Commentary: Arkansas Legislature is not blessing for needy

Lawmakers give to rich, take from poor

OK, I've got a dog in this hunt. My wife directs our local network of federally qualified health centers for Benton and Washington counties--Community Clinic. Clinics like hers have enjoyed bipartisan support across the nation since their founding 50 years ago.

Community health centers exist to give quality medical care in underserved areas and to underserved populations. Many clinics are in rural areas where there are few or no doctors. They serve low-income families who can't afford insurance. In Arkansas, 12 percent of our neighbors are uninsured despite the state's "private option" funding of insurance coverage.

In Northwest Arkansas many doctors limit how many Medicaid patients they will see, so Community Clinic serves neighbors with Medicaid who do not have access to a private provider. Recently a local private clinic asked Community Clinic to pick up 3,000 more ARKids children. The private clinic doesn't have space or staff to serve them. Community Health Centers are mandated to serve everyone and cannot turn away any patient.

Community health centers were early adopters of several "best practices" that are just now being embraced more universally. Community Clinic went to electronic medical records in 2008. In 2009 they introduced integrative behavioral health into their primary care, so if a patient with the flu also shows signs of depression or some other behavioral illness, a therapist is available to address the problem right then and there. Community health centers mandate outcomes-based primary care. As more health providers measure outcomes, rising costs are slowing and patients are improving.

Community Clinic also has a strong educational focus, working with chronic illnesses to improve the health of people living with diabetes, hypertension, obesity and to help smokers quit tobacco. Community Health Centers in Arkansas serve 177,000 underserved patients, more than 31,000 of them in the 12 locations my wife oversees locally.

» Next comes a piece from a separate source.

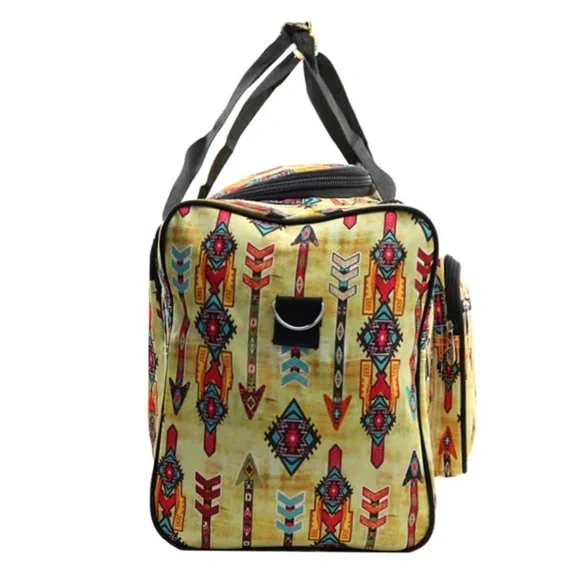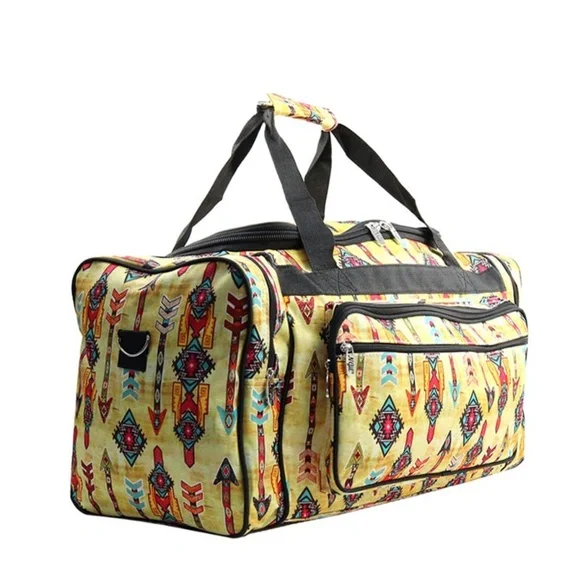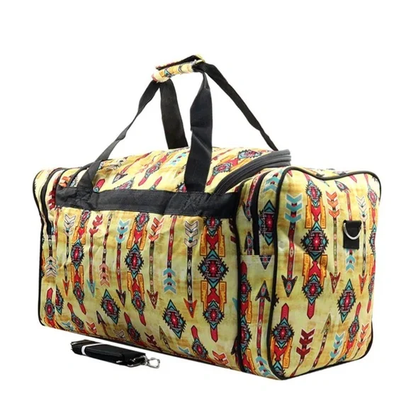 This canvas duffel bag by Fleurish Jewelry is the ultimate travel companion. Measuring 20 inches in length, it provides ample room for all your essentials, while its sleek black color and tribal arrow design add a touch of style. Made from durable canvas, this bag is built to withstand everyday wear and tear. Its unisex design makes it a versatile choice for any traveler, whether you’re on a business trip or vacation. Featuring a top zipper, front and back zipper pockets, and additional pockets on each end, this bag offers both convenience and functionality. The double carry handle with Velcro and adjustable shoulder strap ensure comfort while on the go. Ready for monogramming, it’s a personalized option too. Add this stylish, functional duffel bag to your travel gear today!•Dimensions: 20” L x 10” D x 12” H•Zipper top closure•Multiple zipper pockets•Double carry handle with Velcro•Adjustable shoulder strap•Monogram-ready•Trademarked design

One more thing. community health centers are job creators. When my wife started at Community Clinic, they employed just more than 20 people. Now it is a staff of more than 200. The size of their program has doubled since 2009. Community Clinic is creating good jobs and pumping money into our economy.

End of infomercial.

So here's what happened at the end to the recent legislative session. The governor started the budget process with a middle-class tax cut, returning about $40 per family. (The bottom 20 percent of Arkansas taxpayers saw no relief, even though they pay twice the percentage of their income in state taxes as the wealthiest taxpayers.) The tax cuts hurt efforts to restore pre-kindergarten funding to its 2008 level. The cuts diverted state funds from several significant programs important to working families and at-risk Arkansans. It was a hard legislative session for those of us who care for the poor.

Then, toward the end of the session, a bill was introduced to increase tax breaks for the wealthy, raising the exemption on capital gains income. The most shocking part of the bill proposed making capital gains of more than $10 million entirely free of taxation. The bill passed. It was windfall for the rich--$6 million this fiscal year; almost $12 million next year.

This new gift to those who least needed it left the budget in a deficit. As time ran out on the legislative session, somebody had to find another $6 million.

As the session was closing, the Revenue Stabilization Act found a way to balance the budget. The entire state funding for community health centers ($4.9 million) was erased, and they took another $1 million from libraries.

In the Arkansas Blog, Max Brantley cited a bank executive who had acquired considerable stock at a nominal cost and was selling about $25 million of it this year. Under the new law, he will owe no taxes on about $15 million of those gains. That's a half-million dollar tax break for one individual. The cut cost our local Community Clinic and its 31,000 patients $600,000.

For those of us who look at things through the lens of Scripture and through the story of Jesus, we see that the Bible takes seriously the relationship between the wealthy and the poor--the wealthy have responsibility for the well-being of the poor and marginalized. But not in Arkansas, it seems. It seems our Legislature prefers to make its highest value lowering taxes for the wealthy. It's just too bad that the unintended consequence is that fewer and fewer scraps fall from the masters' table.

God bless the poor. Our Legislature sure doesn't.